Question

Suppose you make an investment of $1000 that you are not allowed to cash for 50 years. Unfortunately, the value of the investment decreases by 10% per year. How long will it be before your investment decreases to half its original value?

Answer 1

Logarithms

It will decrease to half its original value after 7 years.

Step-by-step explanation

The value of the investment decreases by 10% per year. This means that it will remain at 90% of its previous year's value.
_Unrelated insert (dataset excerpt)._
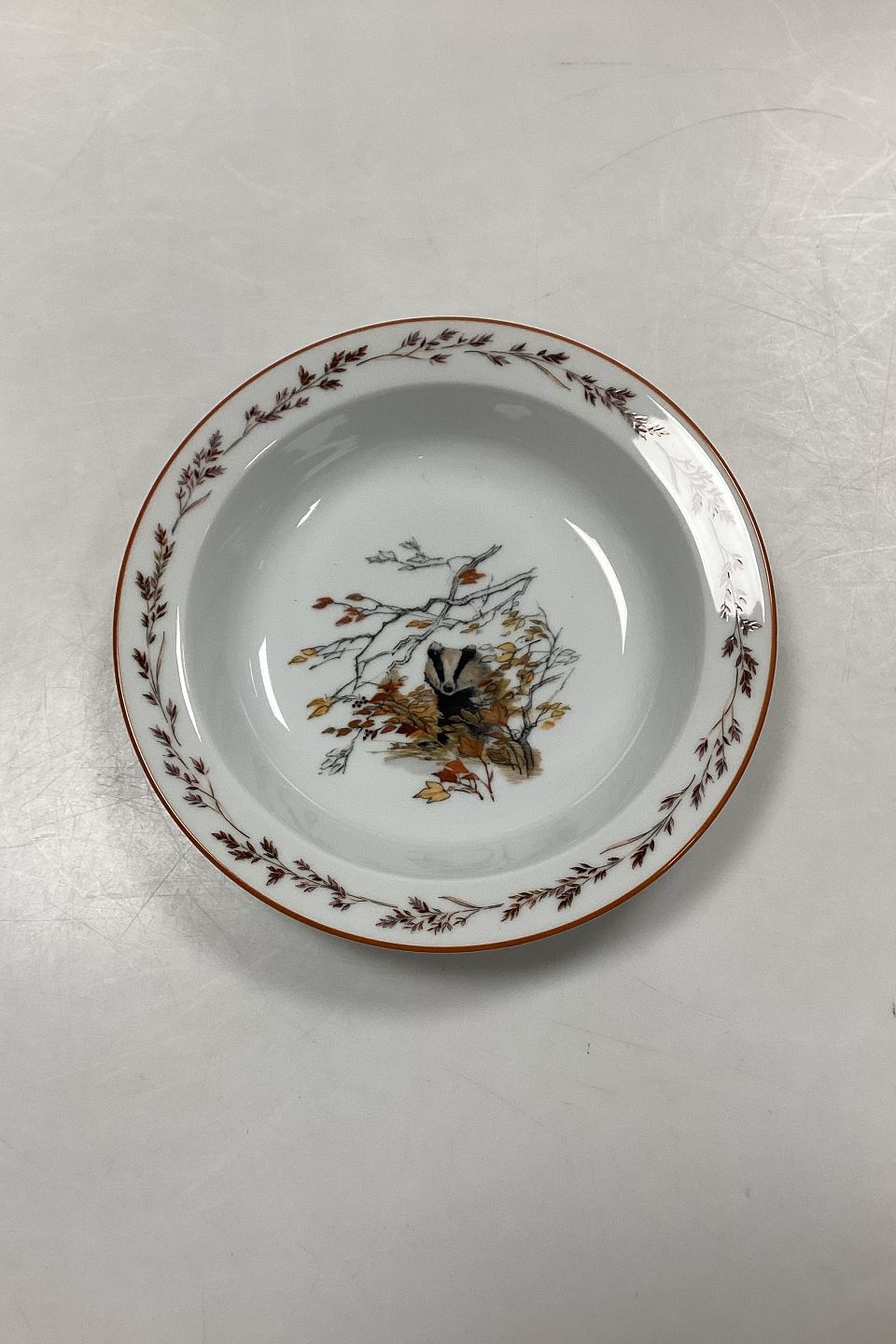 Mads Stage Jagtstellet Dyb Tallerken. Producent: Seltmann Weiden. Motiv: Grævling.Måler 20,5 cm / 8,07 in.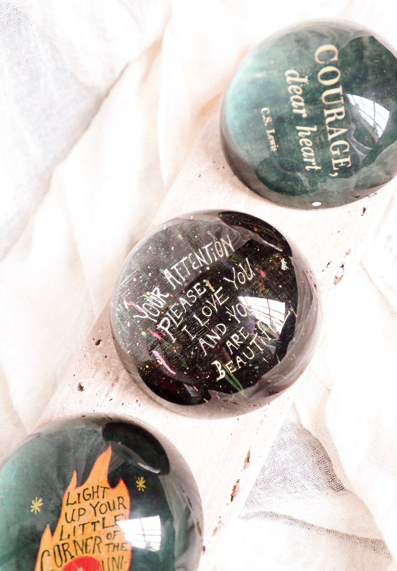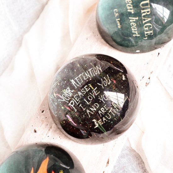 A charming 4" x 4" round paperweight designed to brighten your desk or shelf. Each piece features an uplifting message that serves as a daily reminder of encouragement and positivity. Perfect for gifting to colleagues, friends, or yourself—a thoughtful way to add inspiration to any workspace or home.

The 90% of any value is found by multiplying the percentage divided by 100:

`(90)/(100)=0.9`

Step 1- writing an equation of the situation

We have that after 1 year the value of the investment will be given by the 90% of $1000. This is:

`1000\cdot0.9`

After 2 years, it will be the 90% of the last value:

`1000\cdot0.9\cdot0.9=1000\cdot0.9^2`

After 3 years, it will be the 90% of the last value:

`1000\cdot0.9^2\cdot0.9=1000\cdot0.9^3`

After 4 years, it will be the 90% of the last value:

`1000\cdot0.9^3\cdot0.9=1000\cdot0.9^4`

...

we can see a relation between the exponent of 0.9 and the years that have passed.

After n years, it will be

`1000\cdot0.9^n`

We want to find when the value decreases to half its original value. Since

1000/2 = 500

then, we want to find the number of the year n when the value if 500:

`\begin{gathered} 1000\cdot0.9^n=500 \\ \downarrow \\ n=\text{?} \end{gathered}`

Step 2 - solving the equation for n

In order to find the year when the value is at half the original, we must solve the equation for n.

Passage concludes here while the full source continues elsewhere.